Los esfuerzos hechos por su excelencia el vicepresidente Santander y el ministro del interior, señor Manuel Restrepo, para hacer cumplir el decreto del Congreso en relación con la educación de todas las clases del pueblo en esta extensa república, son dignos de alabanza. Me sorprendió gratamente encontrar durante mis viajes hacia el sur y el oeste una escuela del método de Láncaster en todas las aldeas. Auncuando pequeñas, ningunas de ellas están muy bien reglamentadas. En realidad las diversas gentes de raza de color de Colombia, no carecen de inteligencia, pues he visto en varios lugares acuarelas, mapas pequeños y juguetes ingeniosos, lo cual prueba que el terreno es fértil y que lo único que se requiere es quitar las zarzas y abrojos para lograr una buena cosecha. El gobierno con mucha prudencia ha destinado la propiedad de los conventos menores a la educación pública, y todas las instituciones monásticas regulares que no tuvieren ocho miembros de la orden, residentes en los conventos, fueran abolidas y la propiedad si proveyera de bienes muebles o de rentas fijas, se aplicara a la dotación y apoyo de colegios y escuelas de las diferentes provincias. Las primeras se necesitaban con urgencia; los hijos de los caballeros residentes en las provincias del Chocó o Cauca, se veían obligados a atravesar la cordillera de los Andes y viajar a gran distancia para recibir educación en los dos colegios de Bogotá. Los obispos y vicarios fueron exhortados por el gobierno ejecutivo para que ayudaran a la formación de nuevas escuelas y el celo y la caridad con que muchos de los prelados obedecieron estas órdenes, redundó mucho en su crédito.

El Congreso ha atendido también a la educación de las niñas y se han fundado escuelas en diferentes conventos de monjas. No puedo aprobar este sistema, pues las monjas de Sur América son por lo general muy ignorantes, exceptuando las artes de bordados para los santos e iglesias, la elaboración de flores artificiales y la confección de dulces. Debido a la gran influencia que ejerce la mujer en nuestra sociedad, todo cuanto se haga por su educación, es poco. Para lograr este último objetivo, debieran fundarse escuelas para mujeres en las grandes ciudades de la república y las maestras y sus ayudantes deben pagarse de las rentas procedentes de los bienes confiscados a los eclesiásticos, por parte del gobierno.

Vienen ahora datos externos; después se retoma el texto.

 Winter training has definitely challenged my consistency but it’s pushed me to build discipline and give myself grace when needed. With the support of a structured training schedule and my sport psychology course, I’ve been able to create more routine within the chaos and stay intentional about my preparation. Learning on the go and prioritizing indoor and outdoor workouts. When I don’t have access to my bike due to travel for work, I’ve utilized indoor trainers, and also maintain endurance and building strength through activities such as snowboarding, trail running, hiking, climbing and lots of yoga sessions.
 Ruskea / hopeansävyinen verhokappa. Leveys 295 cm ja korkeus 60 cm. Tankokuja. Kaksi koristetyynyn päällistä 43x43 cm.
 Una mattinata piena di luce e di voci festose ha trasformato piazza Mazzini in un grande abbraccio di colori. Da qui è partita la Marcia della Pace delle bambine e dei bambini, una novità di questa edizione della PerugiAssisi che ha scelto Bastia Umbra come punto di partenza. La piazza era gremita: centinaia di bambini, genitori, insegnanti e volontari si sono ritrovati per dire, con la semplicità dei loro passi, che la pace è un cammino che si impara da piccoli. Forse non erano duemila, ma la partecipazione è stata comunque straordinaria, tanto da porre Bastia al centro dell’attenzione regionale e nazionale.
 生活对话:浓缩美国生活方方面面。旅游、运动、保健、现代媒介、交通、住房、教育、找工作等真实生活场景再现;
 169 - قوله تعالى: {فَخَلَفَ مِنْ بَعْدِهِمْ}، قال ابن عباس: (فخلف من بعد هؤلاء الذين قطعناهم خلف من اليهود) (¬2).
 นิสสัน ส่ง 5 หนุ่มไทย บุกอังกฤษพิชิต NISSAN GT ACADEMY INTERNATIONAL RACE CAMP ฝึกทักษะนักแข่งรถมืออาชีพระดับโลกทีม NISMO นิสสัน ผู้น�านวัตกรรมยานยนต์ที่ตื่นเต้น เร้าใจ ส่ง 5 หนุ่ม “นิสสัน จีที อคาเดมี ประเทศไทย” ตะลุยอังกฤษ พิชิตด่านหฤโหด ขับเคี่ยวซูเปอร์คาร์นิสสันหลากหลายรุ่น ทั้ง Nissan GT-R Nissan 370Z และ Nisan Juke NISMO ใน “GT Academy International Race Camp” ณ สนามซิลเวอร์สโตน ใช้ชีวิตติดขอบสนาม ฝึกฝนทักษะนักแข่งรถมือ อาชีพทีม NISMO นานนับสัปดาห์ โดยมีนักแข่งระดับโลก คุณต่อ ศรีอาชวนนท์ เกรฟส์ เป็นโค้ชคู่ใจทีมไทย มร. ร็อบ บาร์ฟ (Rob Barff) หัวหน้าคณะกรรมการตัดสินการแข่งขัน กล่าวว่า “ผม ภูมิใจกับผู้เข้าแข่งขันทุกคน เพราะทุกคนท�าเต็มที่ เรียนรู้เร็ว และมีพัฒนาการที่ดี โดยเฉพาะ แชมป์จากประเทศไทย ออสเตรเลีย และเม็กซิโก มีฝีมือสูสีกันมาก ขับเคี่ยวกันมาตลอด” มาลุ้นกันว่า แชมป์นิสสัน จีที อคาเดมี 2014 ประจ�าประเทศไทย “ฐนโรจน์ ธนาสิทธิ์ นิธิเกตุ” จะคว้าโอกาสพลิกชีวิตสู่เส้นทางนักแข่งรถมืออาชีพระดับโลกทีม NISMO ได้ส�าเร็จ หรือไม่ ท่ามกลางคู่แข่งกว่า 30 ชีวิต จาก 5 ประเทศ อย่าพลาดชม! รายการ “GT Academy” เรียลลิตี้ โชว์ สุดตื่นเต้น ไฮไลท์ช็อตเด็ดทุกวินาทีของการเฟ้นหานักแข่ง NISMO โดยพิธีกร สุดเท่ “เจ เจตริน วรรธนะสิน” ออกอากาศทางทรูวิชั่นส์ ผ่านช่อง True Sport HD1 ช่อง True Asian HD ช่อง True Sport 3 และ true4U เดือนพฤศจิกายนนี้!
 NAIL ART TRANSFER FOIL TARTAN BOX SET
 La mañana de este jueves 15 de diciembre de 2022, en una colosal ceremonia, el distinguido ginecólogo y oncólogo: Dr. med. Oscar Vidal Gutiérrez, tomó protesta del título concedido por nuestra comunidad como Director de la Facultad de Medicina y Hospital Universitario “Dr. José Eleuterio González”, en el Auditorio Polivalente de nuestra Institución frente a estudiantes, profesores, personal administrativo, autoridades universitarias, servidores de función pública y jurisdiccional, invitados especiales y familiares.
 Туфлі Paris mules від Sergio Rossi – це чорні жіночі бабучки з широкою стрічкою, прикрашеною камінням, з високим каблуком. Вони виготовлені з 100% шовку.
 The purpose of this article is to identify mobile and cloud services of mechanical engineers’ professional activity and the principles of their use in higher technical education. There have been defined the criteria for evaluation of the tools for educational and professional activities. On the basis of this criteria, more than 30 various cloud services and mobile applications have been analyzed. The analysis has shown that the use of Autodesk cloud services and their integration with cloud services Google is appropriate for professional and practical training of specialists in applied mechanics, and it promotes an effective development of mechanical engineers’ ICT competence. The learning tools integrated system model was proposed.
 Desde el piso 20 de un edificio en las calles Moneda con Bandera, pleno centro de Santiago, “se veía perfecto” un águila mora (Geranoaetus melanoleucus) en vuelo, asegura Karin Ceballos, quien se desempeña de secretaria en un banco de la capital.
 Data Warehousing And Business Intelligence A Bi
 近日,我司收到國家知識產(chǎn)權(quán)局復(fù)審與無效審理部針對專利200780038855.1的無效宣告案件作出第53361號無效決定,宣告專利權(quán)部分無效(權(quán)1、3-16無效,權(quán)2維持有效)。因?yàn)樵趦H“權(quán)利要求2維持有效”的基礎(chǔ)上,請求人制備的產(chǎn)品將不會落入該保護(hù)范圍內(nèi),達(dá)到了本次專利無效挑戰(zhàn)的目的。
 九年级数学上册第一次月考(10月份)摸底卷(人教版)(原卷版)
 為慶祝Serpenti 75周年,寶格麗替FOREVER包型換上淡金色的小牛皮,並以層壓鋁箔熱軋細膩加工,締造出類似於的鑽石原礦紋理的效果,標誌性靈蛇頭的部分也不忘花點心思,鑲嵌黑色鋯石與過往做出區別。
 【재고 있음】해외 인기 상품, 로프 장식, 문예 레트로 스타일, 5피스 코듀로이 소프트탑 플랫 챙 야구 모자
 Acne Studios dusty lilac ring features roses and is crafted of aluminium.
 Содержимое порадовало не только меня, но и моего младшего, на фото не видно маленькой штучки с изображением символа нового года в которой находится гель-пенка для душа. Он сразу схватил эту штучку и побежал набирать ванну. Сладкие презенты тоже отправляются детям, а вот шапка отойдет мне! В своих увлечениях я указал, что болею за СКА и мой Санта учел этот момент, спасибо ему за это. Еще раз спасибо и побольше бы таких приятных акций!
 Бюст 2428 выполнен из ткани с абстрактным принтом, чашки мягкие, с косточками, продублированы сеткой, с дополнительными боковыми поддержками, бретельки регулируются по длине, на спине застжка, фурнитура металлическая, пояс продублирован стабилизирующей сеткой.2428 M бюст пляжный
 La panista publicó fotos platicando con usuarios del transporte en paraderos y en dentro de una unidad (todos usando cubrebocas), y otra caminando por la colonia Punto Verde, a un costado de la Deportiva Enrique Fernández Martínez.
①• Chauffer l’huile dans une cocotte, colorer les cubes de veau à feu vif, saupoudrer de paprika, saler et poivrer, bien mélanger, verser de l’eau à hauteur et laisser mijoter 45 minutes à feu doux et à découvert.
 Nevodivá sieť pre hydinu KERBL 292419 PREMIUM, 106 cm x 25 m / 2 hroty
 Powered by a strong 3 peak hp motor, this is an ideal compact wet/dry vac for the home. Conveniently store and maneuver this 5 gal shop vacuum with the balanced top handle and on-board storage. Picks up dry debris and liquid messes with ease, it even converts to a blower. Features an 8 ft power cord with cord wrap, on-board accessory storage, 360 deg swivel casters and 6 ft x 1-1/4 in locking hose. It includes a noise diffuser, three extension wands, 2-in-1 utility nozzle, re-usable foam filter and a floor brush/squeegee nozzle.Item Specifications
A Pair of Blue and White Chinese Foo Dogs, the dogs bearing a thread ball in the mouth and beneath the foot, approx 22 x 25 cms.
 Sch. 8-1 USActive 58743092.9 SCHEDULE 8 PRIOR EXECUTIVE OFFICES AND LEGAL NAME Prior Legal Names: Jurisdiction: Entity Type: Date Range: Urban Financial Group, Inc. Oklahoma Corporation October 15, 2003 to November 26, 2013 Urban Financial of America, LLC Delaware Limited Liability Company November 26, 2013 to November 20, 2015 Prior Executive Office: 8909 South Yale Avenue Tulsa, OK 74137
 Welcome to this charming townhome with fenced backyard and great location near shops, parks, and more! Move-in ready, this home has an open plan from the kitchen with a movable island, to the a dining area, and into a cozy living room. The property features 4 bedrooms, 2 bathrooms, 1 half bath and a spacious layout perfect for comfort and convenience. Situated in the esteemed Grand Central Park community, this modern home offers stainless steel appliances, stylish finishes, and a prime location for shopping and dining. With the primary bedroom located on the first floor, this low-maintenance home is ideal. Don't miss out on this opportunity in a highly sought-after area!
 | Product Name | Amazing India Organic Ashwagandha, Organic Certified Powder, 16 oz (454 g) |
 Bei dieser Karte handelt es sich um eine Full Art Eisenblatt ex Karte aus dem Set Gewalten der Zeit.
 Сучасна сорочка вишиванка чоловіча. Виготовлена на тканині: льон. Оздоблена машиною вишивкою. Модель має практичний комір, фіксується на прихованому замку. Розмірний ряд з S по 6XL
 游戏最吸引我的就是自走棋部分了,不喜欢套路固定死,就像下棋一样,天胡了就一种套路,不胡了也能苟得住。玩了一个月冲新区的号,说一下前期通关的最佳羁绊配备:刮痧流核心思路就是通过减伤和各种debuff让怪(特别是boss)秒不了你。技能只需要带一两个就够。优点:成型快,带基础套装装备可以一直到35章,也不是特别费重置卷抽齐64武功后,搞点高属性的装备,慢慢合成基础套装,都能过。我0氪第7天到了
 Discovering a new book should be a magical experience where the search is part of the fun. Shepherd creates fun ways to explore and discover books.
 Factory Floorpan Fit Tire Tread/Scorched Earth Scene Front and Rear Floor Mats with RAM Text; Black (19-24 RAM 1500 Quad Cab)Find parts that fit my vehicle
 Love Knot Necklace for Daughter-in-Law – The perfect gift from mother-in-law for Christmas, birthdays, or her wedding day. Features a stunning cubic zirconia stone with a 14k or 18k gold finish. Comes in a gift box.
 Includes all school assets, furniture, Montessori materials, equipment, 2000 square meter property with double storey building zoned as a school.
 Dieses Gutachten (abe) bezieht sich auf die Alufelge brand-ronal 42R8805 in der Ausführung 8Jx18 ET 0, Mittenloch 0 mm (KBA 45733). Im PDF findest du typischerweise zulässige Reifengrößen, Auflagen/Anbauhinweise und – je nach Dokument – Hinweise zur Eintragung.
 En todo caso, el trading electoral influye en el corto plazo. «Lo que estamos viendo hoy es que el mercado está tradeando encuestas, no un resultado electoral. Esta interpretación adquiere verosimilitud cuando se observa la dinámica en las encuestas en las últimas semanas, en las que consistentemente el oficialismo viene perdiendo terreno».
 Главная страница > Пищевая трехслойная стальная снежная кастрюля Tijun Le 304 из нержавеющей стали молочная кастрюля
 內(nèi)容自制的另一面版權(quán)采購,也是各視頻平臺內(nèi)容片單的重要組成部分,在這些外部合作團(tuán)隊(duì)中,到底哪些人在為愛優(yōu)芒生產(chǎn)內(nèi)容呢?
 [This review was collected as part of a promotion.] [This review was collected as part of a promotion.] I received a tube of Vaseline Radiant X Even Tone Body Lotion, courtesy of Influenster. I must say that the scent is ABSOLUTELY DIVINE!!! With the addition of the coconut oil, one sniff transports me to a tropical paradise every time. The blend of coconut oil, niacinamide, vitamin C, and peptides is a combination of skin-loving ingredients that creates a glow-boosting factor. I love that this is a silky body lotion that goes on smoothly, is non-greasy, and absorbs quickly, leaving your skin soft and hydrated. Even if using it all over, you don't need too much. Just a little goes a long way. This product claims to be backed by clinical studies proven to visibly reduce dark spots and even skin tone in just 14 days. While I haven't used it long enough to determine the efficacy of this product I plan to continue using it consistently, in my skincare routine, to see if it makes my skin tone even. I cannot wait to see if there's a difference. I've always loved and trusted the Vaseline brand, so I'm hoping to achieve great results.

Los artículos de exportación de Colombia constan de cacao, café, azúcar, tabaco, algodón, cueros, maderas tintóreas, zarzaparrilla, quina, bálsamos, añil, pieles, etc. La prolongada y desoladora guerra última, disminuyó considerablemente el comercio de exportación de algunas de las provincias, especialmente la de Venezuela, donde muchas de las mejores haciendas han quedado arruinadas por falta de cultivo; los esclavos aprovechándose del estado confuso del país, huyeron de sus amos y los pocos restantes se vieron obligados a tomar armas en favor de los patriotas o de los españoles. Durante una guerra civil es casi imposible a los propietarios mantener una causa neutral. Ellos se consideran como amigos o enemigos de los partidos contendores y sus fincas sufren cuando la provincia es el teatro de la guerra y sus amigos con frecuencia causan más mal que los enemigos.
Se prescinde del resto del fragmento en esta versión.